そこで、ワシントン州公立教育指導局(OSPI: Washington State Office of Superintendent of Public Instruction)は、州内の公立学校でAIを教育ツールとして統合するガイダンスを発表しました。
公立学校でのAIの使用に関する州レベルのガイダンスを公開したのは、ワシントン州が米国で5番目です。
「人間中心のAI」(human-centered AI)
州教育長のクリス・レイクダル氏は、このガイダンスの冒頭で、このテクノロジーが産業、地域社会、科学、職場に革命をもたらすなか、AI の使用を禁止するのではなく、責任ある倫理的かつ安全な方法で使用できるよう、生徒や教育者を支援する責任があると述べています。
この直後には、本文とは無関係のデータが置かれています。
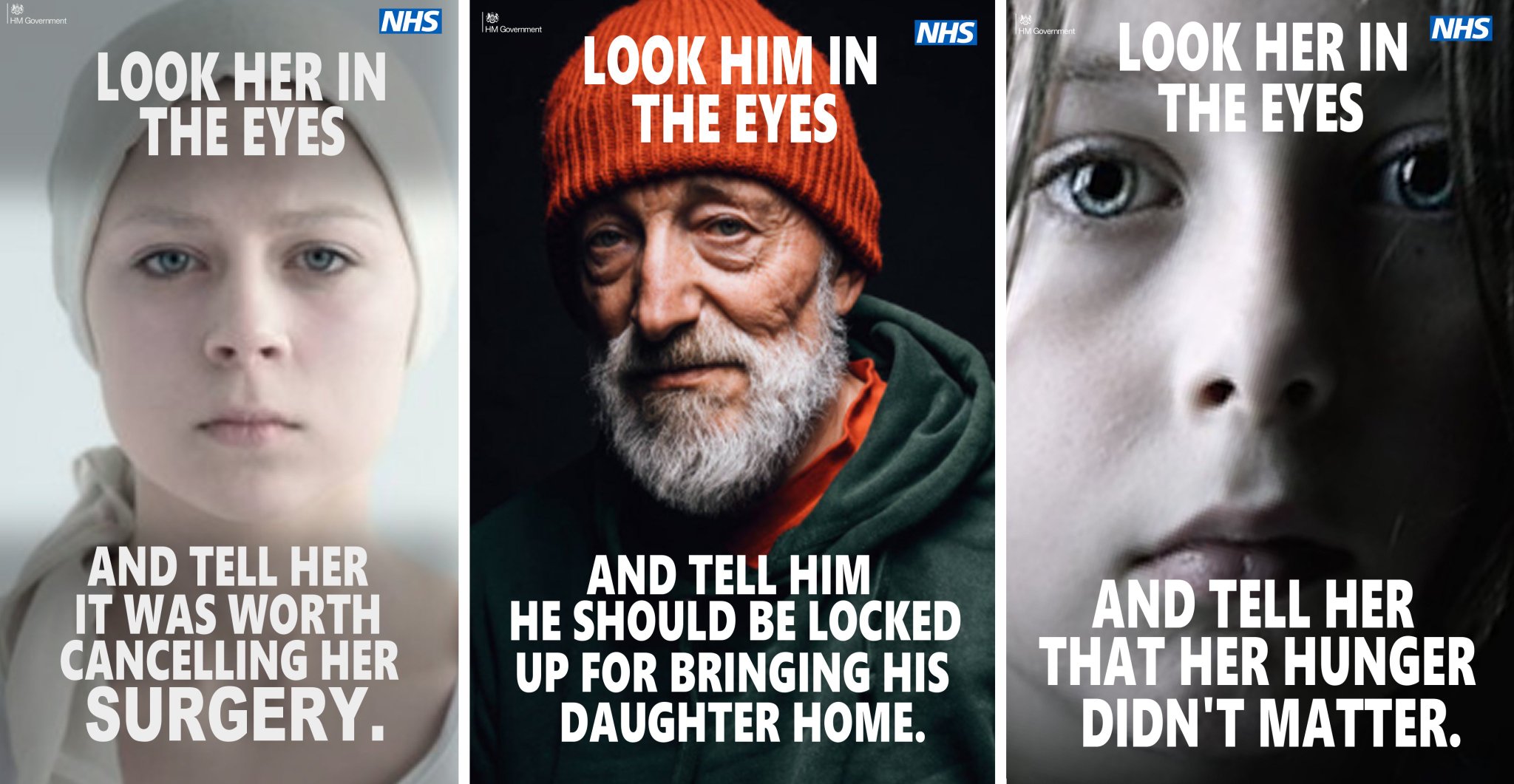 Does the Governments and NHS “Look them in they eyes…” poster campaign fit any of the above? A resounding NO! Their campaign is one of blame and division. They have chosen to set one group against another. There is the victim group, this is the sick virus sufferer. They are portrayed as the innocent victim whom someone else has done a terrible thing to.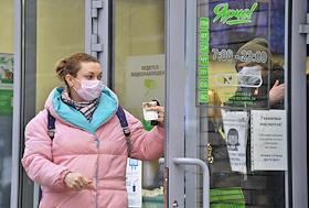 Жанровая фотография. Женщина в медицинской маске у входа в магазин "Ярче".
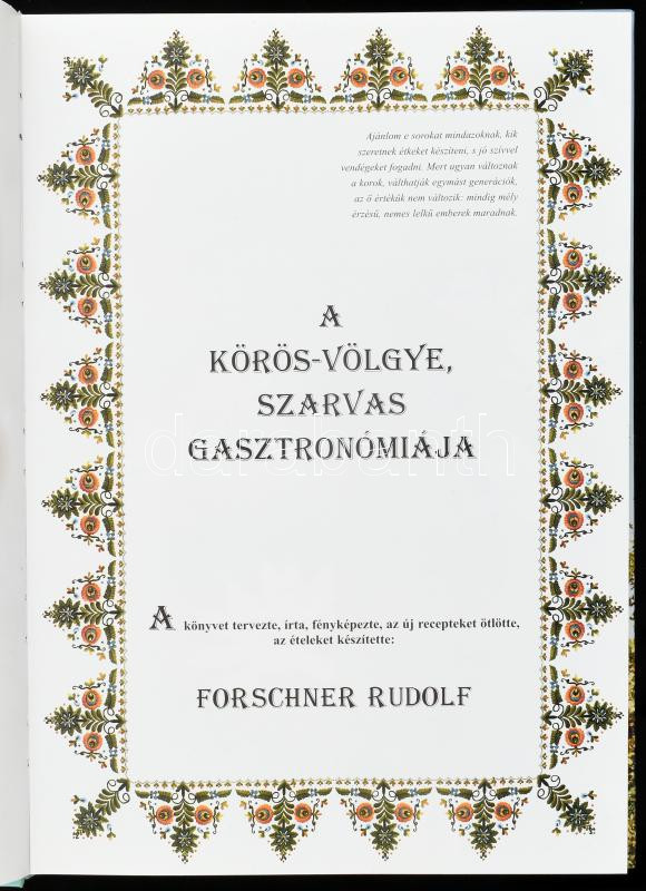 Forschner Rudolf: A Körös-Völgye, Szarvas Gasztronómiája. Bp., 2005, Planétás. Számozott (1018. példány)! Kiadói kartonált papírkötésben.

AIは強力なツールだが、生徒や教育者が “H→AI→H” のアプローチを採用した場合にのみ、学習効果を高めることができる。人間による探究から始め、AIが生み出すものを確認し、常に人間による考察、人間による編集、そして生み出されたものに対する人間による理解で締めくくるのである。
State Superintendent Chris Reykdal
そのポイントとなるのが、AIを「人間中心のAI」(human-centered AI)として統合すること。
“H→AI→H” または “Human→AI→Human” は、「人間による探究から始め、AIが生み出すものを確認し、常に人間による考察、人間による編集、そして生み出されたものに対する人間による理解で締めくくること」を意味しています。
障害を持つ生徒のためのカスタマイズ
ニュースリリースでは、ワシントン州オリンピック半島にあるブリノン学区のブリノン小学校が、特定のニーズに合わせた人間中心のAIアプローチを使用している方法について紹介されています。
ブリノン小学校の特別教育部門長・技術部門長のジェイク・レンバー氏は、AIを使用して、障害がある生徒のためにアートのプロジェクトをカスタマイズし、生徒の興味をベースにした評価を開発し、タスクの効率化を実現しているというわけです。
このガイダンスでは、AIを次のような業務に使用することが提案されています。
- 授業計画やテストの作成
- 学習教材を多言語に翻訳する
- 個人に合わせた教材の開発
- 生徒の創造性の育成
- 生徒が批判的思考を身につけるための支援
- 管理業務の自動化
このガイダンスの開発には、学校、学区、州レベルの教育者、教育技術専門家、研究者、そしてK-12公立学校の生徒からなる多様で経験豊富なグループが携わったとのこと。今後今後数ヶ月間にわたり更新し続けられる予定です。